• Problem: An exact transcription of the lines below, from the first through the one containing "бомжстайл. Голова не", is the only output wanted.

BEGIN Source records

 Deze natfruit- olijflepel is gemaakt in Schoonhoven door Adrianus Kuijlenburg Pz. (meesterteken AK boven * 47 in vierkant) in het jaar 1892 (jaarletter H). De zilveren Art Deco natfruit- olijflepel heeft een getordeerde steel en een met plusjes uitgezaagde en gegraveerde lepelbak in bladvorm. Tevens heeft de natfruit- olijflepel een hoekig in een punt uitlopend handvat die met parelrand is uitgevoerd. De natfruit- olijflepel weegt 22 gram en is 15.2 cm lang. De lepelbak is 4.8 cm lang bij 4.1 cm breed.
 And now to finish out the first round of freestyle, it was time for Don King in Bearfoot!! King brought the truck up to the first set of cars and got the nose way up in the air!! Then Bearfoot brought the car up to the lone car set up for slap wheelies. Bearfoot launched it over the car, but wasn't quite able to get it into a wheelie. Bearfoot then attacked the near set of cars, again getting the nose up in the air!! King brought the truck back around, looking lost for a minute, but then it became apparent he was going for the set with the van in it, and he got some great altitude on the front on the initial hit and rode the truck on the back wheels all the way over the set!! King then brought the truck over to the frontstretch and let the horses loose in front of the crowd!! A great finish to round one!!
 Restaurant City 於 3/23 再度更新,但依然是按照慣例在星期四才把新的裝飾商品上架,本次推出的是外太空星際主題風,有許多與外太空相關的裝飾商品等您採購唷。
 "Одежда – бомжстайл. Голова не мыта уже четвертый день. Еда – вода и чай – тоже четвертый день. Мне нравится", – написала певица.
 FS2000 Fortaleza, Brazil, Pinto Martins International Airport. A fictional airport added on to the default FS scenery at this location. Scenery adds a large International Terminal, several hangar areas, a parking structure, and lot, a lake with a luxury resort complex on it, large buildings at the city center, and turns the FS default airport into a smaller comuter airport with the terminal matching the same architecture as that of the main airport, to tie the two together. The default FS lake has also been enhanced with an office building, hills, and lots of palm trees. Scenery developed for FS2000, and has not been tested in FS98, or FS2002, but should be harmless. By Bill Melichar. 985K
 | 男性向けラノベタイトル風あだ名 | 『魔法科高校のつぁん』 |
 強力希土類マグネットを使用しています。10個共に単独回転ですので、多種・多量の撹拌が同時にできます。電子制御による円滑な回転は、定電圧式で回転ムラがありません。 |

END Source records

• Problem solution:
 Deze natfruit- olijflepel is gemaakt in Schoonhoven door Adrianus Kuijlenburg Pz. (meesterteken AK boven * 47 in vierkant) in het jaar 1892 (jaarletter H). De zilveren Art Deco natfruit- olijflepel heeft een getordeerde steel en een met plusjes uitgezaagde en gegraveerde lepelbak in bladvorm. Tevens heeft de natfruit- olijflepel een hoekig in een punt uitlopend handvat die met parelrand is uitgevoerd. De natfruit- olijflepel weegt 22 gram en is 15.2 cm lang. De lepelbak is 4.8 cm lang bij 4.1 cm breed.
 And now to finish out the first round of freestyle, it was time for Don King in Bearfoot!! King brought the truck up to the first set of cars and got the nose way up in the air!! Then Bearfoot brought the car up to the lone car set up for slap wheelies. Bearfoot launched it over the car, but wasn't quite able to get it into a wheelie. Bearfoot then attacked the near set of cars, again getting the nose up in the air!! King brought the truck back around, looking lost for a minute, but then it became apparent he was going for the set with the van in it, and he got some great altitude on the front on the initial hit and rode the truck on the back wheels all the way over the set!! King then brought the truck over to the frontstretch and let the horses loose in front of the crowd!! A great finish to round one!!
 Restaurant City 於 3/23 再度更新,但依然是按照慣例在星期四才把新的裝飾商品上架,本次推出的是外太空星際主題風,有許多與外太空相關的裝飾商品等您採購唷。
 "Одежда – бомжстайл. Голова не мыта уже четвертый день. Еда – вода и чай – тоже четвертый день. Мне нравится", – написала певица.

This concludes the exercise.